L: Yeah, I do too, but that's not funny.
R: That's 'cause you don't have any emotions. (Hysterical laughter)
—Richard Hell interviewed by Leg McNeil, Punk, Issue #3, March 1976, reprinted in Punk: The Best Of Punk Magazine, !T/Harper Collins, 2012
[...] I had become a manic-depressive. I was hopeless. I could only laugh at someone else's expense and I thrived on negativity. I can see now how it was only natural that I would gravitate towards Tommy, Joey, and Johnny Ramone. They were the obvious creeps of the neighborhood. All their friends had to be creeps. No one would have ever pegged any of us for any kind of success in life. But that's how it goes.
—Dee Dee Ramone, Lobotomy: Surviving The Ramones, Thunder's Mouth Press, 2000
I always liked seeing Dee Dee, and to my mind he was the best example of a certain rock and roll essence that punk sought to embody. He was a street kid who was purely talented—he wrote most of the great Ramones songs—and who radiated lovable innocence, even though he'd worked, for lack of a better way to earn a living, as a gay hustler on the street. Or maybe that's where he'd learned the innocence. Like Jerry Nolan, he'd been a hairdresser for a while, too. He had a strongly defined personality—that funny dizzy dumb style—that he had to have developed as a defense. He was like a toddler, stumbling and misunderstanding what just happened, but who recovers instantly to plow ahead grinning proudly, endearingly, hilariously. With him the comedy was deliberate, if so deeply habitual that it became who he was. The other side of his childlike goofiness was his tantrums. But he was so funny, usually about himself. My favorite example is something he said for a piece I did about the Ramones for Hit Parader in 1976. (It was the first time I'd done any journalism and the first article about the Ramones in a national publication.)

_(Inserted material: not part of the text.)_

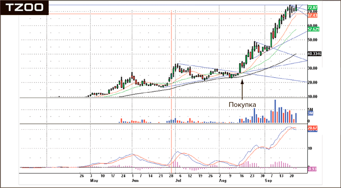 Она также показала все еще открытую позицию по акции TZOO, которая была в том году одной из самых горячих. «Я лучше многих вижу графические элементы – линии поддержки и сопротивления, линии тренда, конверты. Пока линии нисходящего тренда остаются прорванными, а линии восходящего тренда по-прежнему идут вверх, на рынке можно оставаться. К тому же эта акция не выходит из конверта, а значит, ее можно держать».

The band had gathered at Arturo Vega's loft for the interview. Arturo was the Ramones' art director and best friend and main booster. I turned on the tape recorder and started asking questions. In a minute Dee Dee was explaining the group's songs and he said the first one they'd written was "I Don't Wanna Walk Around With You," and the next one was "I Don't Wanna Get Involved With You," and then "I Don't Wanna Go Down to the Basement." I don't wanna this and I don't wanna that. Finally he offered, "We didn't write a positive song until 'Now I Wanna Sniff Some Glue.'" Someone who was actually dumb would never be able to think of that, which of course makes it even funnier.
—Richard Hell, I Dreamed I Was A Very Clean Tramp, Ecco/Harper Collins, 2013
I bring all this up because it's kind of staggering the way, to judge by the trailer, the upcoming CBGB movie bollixes the droll anecdote Mr. Hell relates.